Citizenship by birth 

You acquire citizenship by birth, if you fulfil any of the following requirements:
 Either of your parents is a citizen of Moldova at the time of your birth
 You are born on the territory of Moldova, and your parents are stateless persons
 You are born on the territory of Moldova, and cannot receive the citizenship of either of your parents
 Any foundling found on the territory of Moldova is considered a citizen unless proven otherwise, until the age of 18

Citizenship by recognition 
You may gain Moldovan citizenship by:

 Being born in the territory of the Republic of Moldova or by having a parent, or grandparent who was born there
 Having resided in Bessarabia, in the North Bukovina, Hertsa Region, and the M.A.S.S.R. before 28 June 1940, or by being a descendant of such a prior resident and having lawful and habitual residence in the Republic of Moldova.
 Having been deported from or having fled the Republic of Moldova since 28 June 1940, or being a descendant of such a deportee or refugee.

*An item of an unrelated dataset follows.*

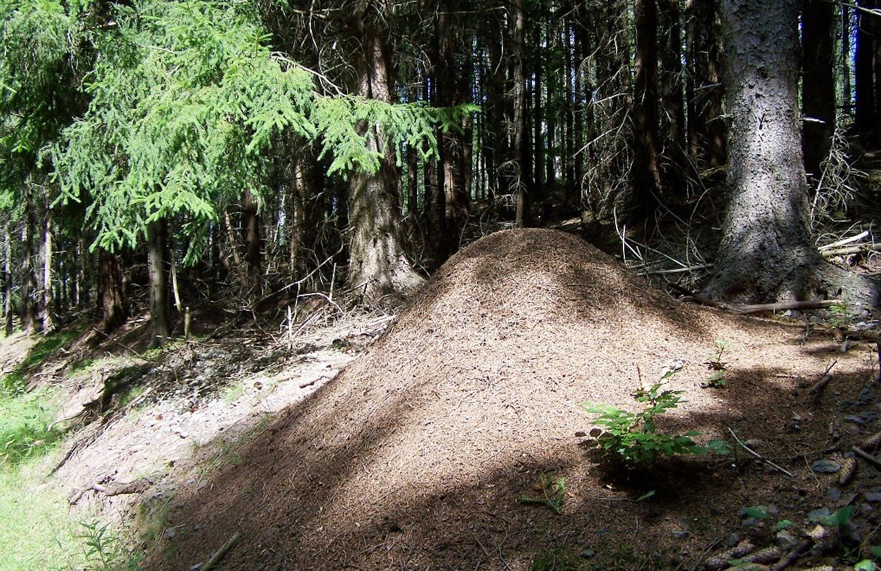 Die mit dem Sonnenlauf wandernde Beschattung von Ameisennestern ist für die Krabbler lebenswichtig. Auf Borkenkäferschadflächen fehlt den Ameisen die Fichte: Als Hitzeschutz und Nahrungsgrundlage (Foto: Dr. Horst Sproßmann) Die mit dem Sonnenlauf wandernde Beschattung von Ameisennestern ist für die Krabbler lebenswichtig. Auf Borkenkäferschadflächen fehlt den Ameisen die Fichte: Als Hitzeschutz und Nahrungsgrundlage (Foto: Dr. Horst Sproßmann)

Citizenship by naturalisation 
Citizenship may be granted to anyone who has reached the age of 18, and who meets one of the following criteria:
 Has resided in Moldova lawfully and habitually for the last ten years; has been married to a citizen of Moldova for at least three years; or has resided lawfully and habitually for three years with parents or children (including adoptive) who are citizens of Moldova
 Has resided lawfully and habitually for five years before reaching the age of 18
 Is a stateless person or recognised refugee, who has been lawfully and habitually for at least 8 years
In addition they must fulfil the following criteria:
 Knows and observes the provisions of the Moldovan constitution
 Passed an exam in the national language
 Possesses legal sources of income

Dual citizenship
Moldova allows its citizens to hold foreign citizenship in addition to their Moldovan citizenship. Acquiring a foreign citizenship, therefore, does not result in the loss of Moldovan citizenship. Some countries, however, do not permit multiple citizenship e.g. adults who acquired Moldovan and Japanese citizenship by birth must declare, to the latter's Ministry of Justice, before turning 22, which citizenship they want to keep.

Controversy 
On 28 September 2017, a new law allowing individuals to buy their citizenship for a fixed sum took effect. Moldovan pro-Russian president Igor Dodon tried to bring in investments from Russia stating that "The Moldovan passport could allow them to travel in Europe freely." These provisions were repealed by a law that entered into force on September 1, 2020.